Com o objetivo inicial de atuar como um complemento para os estudos e publicação de material que servisse como apoio para os estudantes do programa AJA, o site se desenvolveu, passou a ser acessado com mais frequência e com o período de suspensão das aulas presenciais, pode ser utilizado como um caminho para o compartilhamento de apresentações inteiras, voltadas também para os estudantes do ensino regular.

A iniciativa é vista com entusiasmo pelo superintendente de Informação e Tecnologia da SED, Paulo Cezar Rodrigues. Além das ferramentas que a Secretaria disponibiliza, ele destaca que vários gestores estão com esse tipo de ação. “Muitas escolas estão explorando essas possibilidades. Observamos que a Rede Estadual criou uma série de recursos disponíveis na internet para que essas aulas remotas vinculantes – como são chamadas – acontecessem. Eles montaram portais, blogs e usaram ferramentas como o Google Classroom. São inúmeras formas”, disse.

Na EE Profª Maria de Lourdes Toledo Areias, localizada no Conjunto Rouxinóis, em Campo Grande, a direção teve a ideia de criar um verdadeiro portal de conteúdo, ainda em 2017. Mesmo com alguns períodos de maior e menor uso, o canal foi mantido e agora se tornou uma das principais ferramentas da escola para o contato com os estudantes, além das redes sociais já utilizadas.

“Nós criamos um portal que é a página da escola, compramos o domínio e aprendemos a utilizar os recursos para postarmos todas as atividades por lá. Agora, orientamos os pais e responsáveis, bem como os estudantes, para acessarem e utilizarem essa ferramenta também”, disse a diretora da escola, professora Adriana Belei.

O site, hospedado no endereço http://www.portalareias.com.br/, conta com campos para diversas turmas de todos os períodos, com fotos, página de artigos e colunas, materiais multimídia e notícias com orientações específicas para o período de suspensão das atividades presenciais, que seguirá – inicialmente – até o próximo dia 06 de abril.

A gestora destaca, ainda, que o retorno vindo dos estudantes – e até dos pais e responsáveis – foi acima do esperado e eles recebem manifestações positivas por caminhos já conhecidos para esse contato, como a página do Facebook da escola. “Recebi até a mensagem de uma mãe com a foto da filha fazendo as atividades que estavam no site, foi uma resposta muito bacana”, completou.

Outra alternativa foi adotada pela equipe da EE Joaquim Murtinho, também da Capital, responsável por atender quase 1.8 mil estudantes. Por lá, a ideia foi criar grupos com as turmas, por aplicativo de mensagens, para enviar as atividades e tirar dúvidas com os professores, além de compartilhar links com ferramentas disponibilizadas pela SED.
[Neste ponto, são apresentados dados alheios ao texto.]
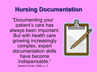 This document provides guidance on nursing documentation for novice and experienced nurses. It discusses the importance of documentation for continuity of care, quality management, and legal protection. It reviews different documentation systems and tools used at Bethesda Memorial Hospital, including shift assessments, nurses' notes, problem lists, and incident reports. Examples of proper documentation formats are also provided. The reference stresses that nursing documentation must be thorough yet concise to tell the patient's story factually without judgments.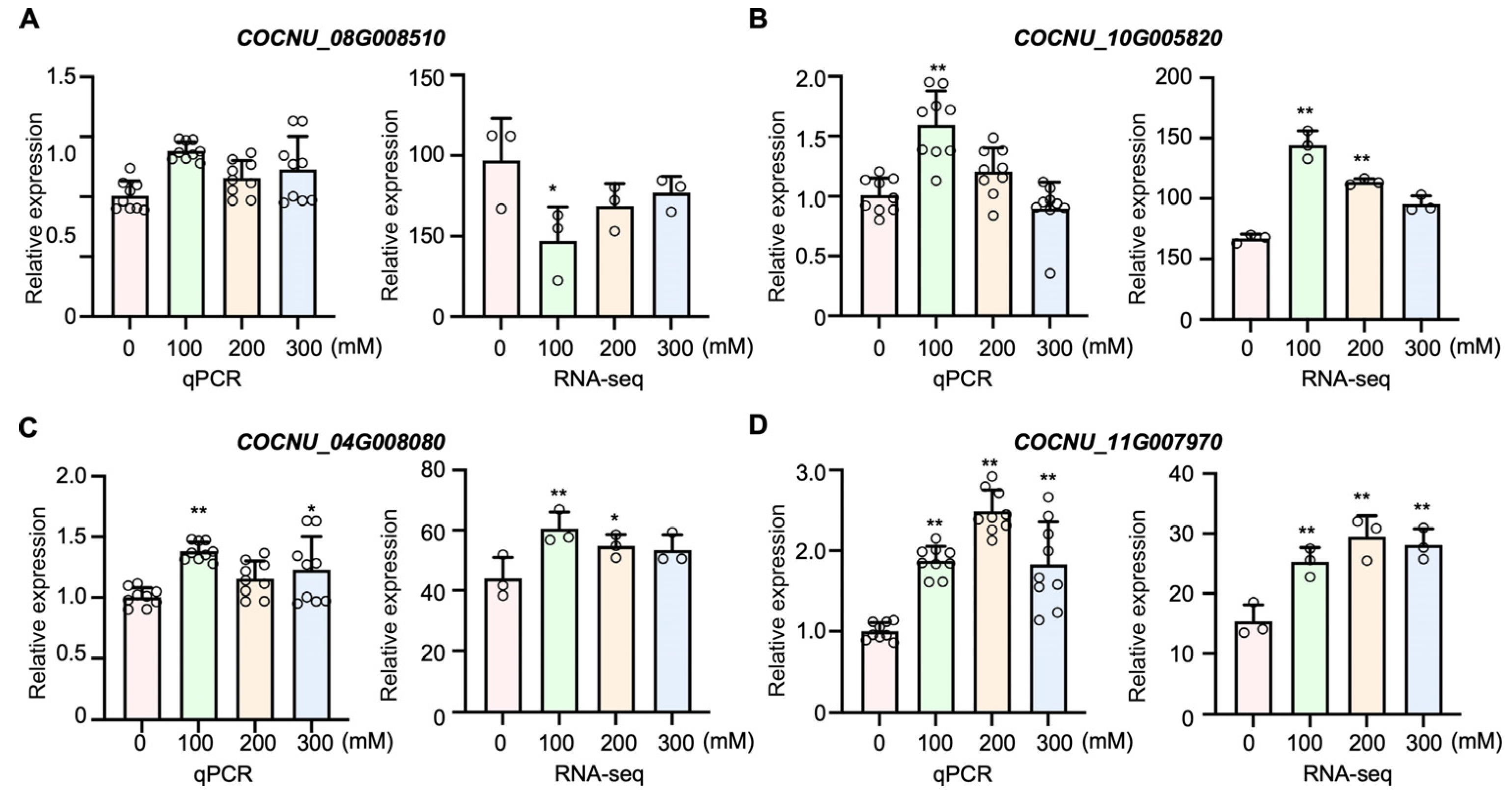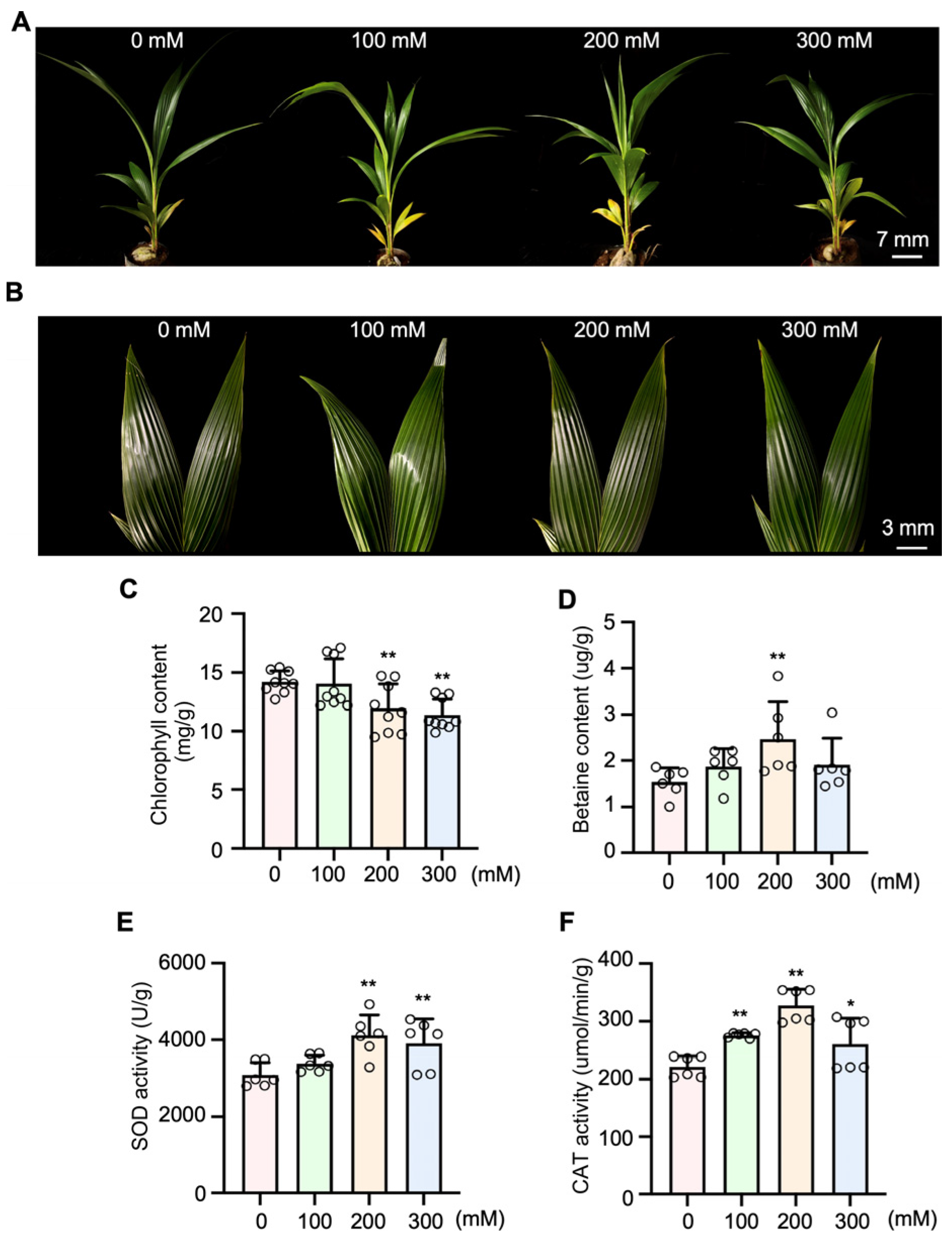2.1. Aromatic Coconut Is a Moderately Salt-Tolerant Plant

“Seguimos as orientações da Secretaria e criamos modelo único de ambiente para a escola, que todos os professores deveriam seguir. Utilizamos as sugestões de links para conteúdos e vídeo aulas que a SED disponibiliza. (...) Em reunião constante com a equipe, definimos o modelo e todos os professores elaboraram uma atividade por turma e enviaram para a coordenação que, por sua vez, criou um grupo de Whatsapp por turma para a participação de todos. Depois de recebidas e monitoradas, as atividades são disparadas nos grupos de cada sala”, relatou o diretor da escola, Cláudio Morinigo.

Com alternativas para diversos casos já nesta primeira semana de suspensão das atividades presenciais, o resultado foi sentido pela equipe de gestão e destacada com orgulho. “Conseguimos atingir praticamente todos os alunos com essas atividades. Alguns – que não possuem acesso à internet – estão fazendo manuscrito, sem perda nenhuma na forma de avaliação. Os professores estão tendo que preparar atividades diferentes do habitual e a reposta dos estudantes está sendo muito positiva. A percepção é de autonomia, de independência na resolução das atividades”, concluiu o diretor.